La scène, disposée avec un souci de symétrie, obsède avec ses airs de salle d'attente. Quelques chaises, une porte mystérieuse, plantes et deux micros sont les rares éléments qui meublent un plancher trop lustré. Les personnages peuvent bien chercher où ils appartiennent dans ce lieu anonyme et froid.
Le texte de l'Autrichien Ewald Palmetshofer, adapté par l'auteur dramatique Éric Noël, est un puzzle malléable où les différents morceaux, ou les principaux éléments de réflexion de la pièce, se répètent sous diverses combinaisons d'idées. Étourdissante, la parole des excellents comédiens nous perd parfois, mais il émergera une pensée critique chez le spectateur dans les jours suivant la représentation, si celui-ci s'en donne la peine, et c'est le principal intérêt de cette pièce. Elle nous habite, toujours énigmatique, et poursuivra sa route en nous, nous poussant à réfléchir sur notre propre existence.

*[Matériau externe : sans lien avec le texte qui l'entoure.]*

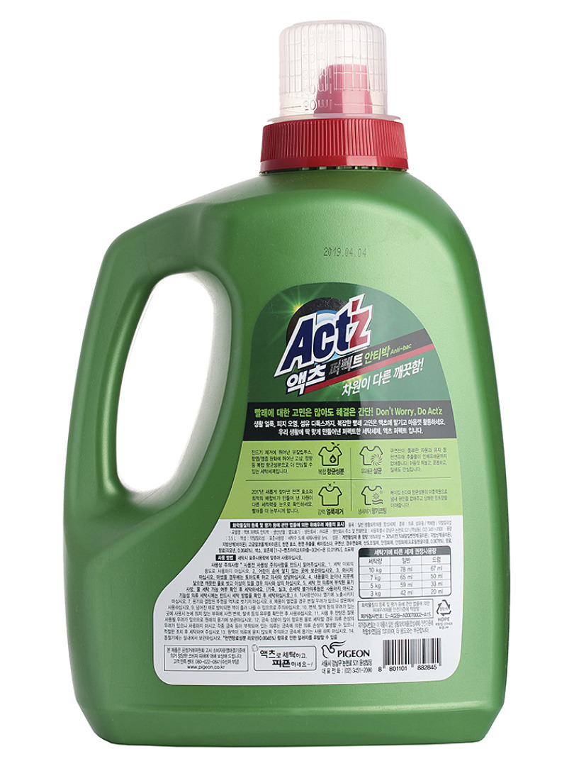 Изготовитель: PIGEON CORPORATION, КОРЕЯ, РЕСПУБЛИКА, 628-13, Yoksam-dong, Kangnam-ku, Seul, 135-080. Высококонцентрированный антибактериальный гель для стирки содержит комплекс антимикробных компонентов, превосходно очищает стойкие загрязнения, устраняет бактерии вызывающие неприятный запах, придает свежий аромат и смягчает ткань. Отличное противомикробное действие с помощью натуральных компонентов (семена софоры и гвоздика), а также удаление пылевых клещей. Комплексная очистка от жира, кожных выделений, волокон и пыли. Способ применения: Для машинной стирки на 3 кг белья — 20 мл, на 5 кг — 33 мл, на 7 кг — 50 мл. Меры предосторожности: соблюдать дозировку; не лить на ткань;

Sans cesse, on nous parle de « quand tout a commencé », comme s'ils cherchaient à mettre le doigt sur LE moment où tout a bousculé pour eux, parlant d'un passé du drame qui serait à recommencer, mais leur propre histoire leur est désormais inaccessible. De cette impressionnante distribution, Sébastien Dodge se démarque particulièrement avec un cynisme imposant et des monologues cartésiens qu'il maîtrise parfaitement, exprimant avec une étonnante clarté cette dernière tentative de donner un sens à sa vie et de survivre à son destin. Bien qu'Hamlet soit mort, sa quête impossible revit ici, transformée par les temps modernes.
Gaétan Paré a visiblement bien compris tout le poids de la parole et lui rend majoritairement service dans sa lecture scénique. Cependant, sa formule n'est pas parfaite et dérange par moment. De longs monologues sont livrés par certains des comédiens et le metteur en scène souligne abusivement ce retrait du reste du groupe à chaque fois par une transition douteuse et des confidences au public faites au micro. La voix est transformée, on y ajoute trop d'écho et une trame musicale inutile. Bien que le désir puisse être de ramener l'attention à une seule voix afin de mieux capter les révoltes refoulées qui se révèlent, l'effet est tout contraire. On se sent facilement détourné de ce qui est dit, une distance se crée.
Hamlet est mort, gravité zéro est un spectacle déroutant comme il s'en fait encore trop peu à Montréal. Il prouve la réconciliation encore récente entre le texte dramatique et les formes contemporaines et affecte directement le public, notamment par sa structure inhabituelle. Bien que la mise en scène de Gaétan Paré reste prudente, la direction d'acteurs impeccable permet de nous faire profiter pleinement de l'objet, présenté pour la toute première fois au public québécois.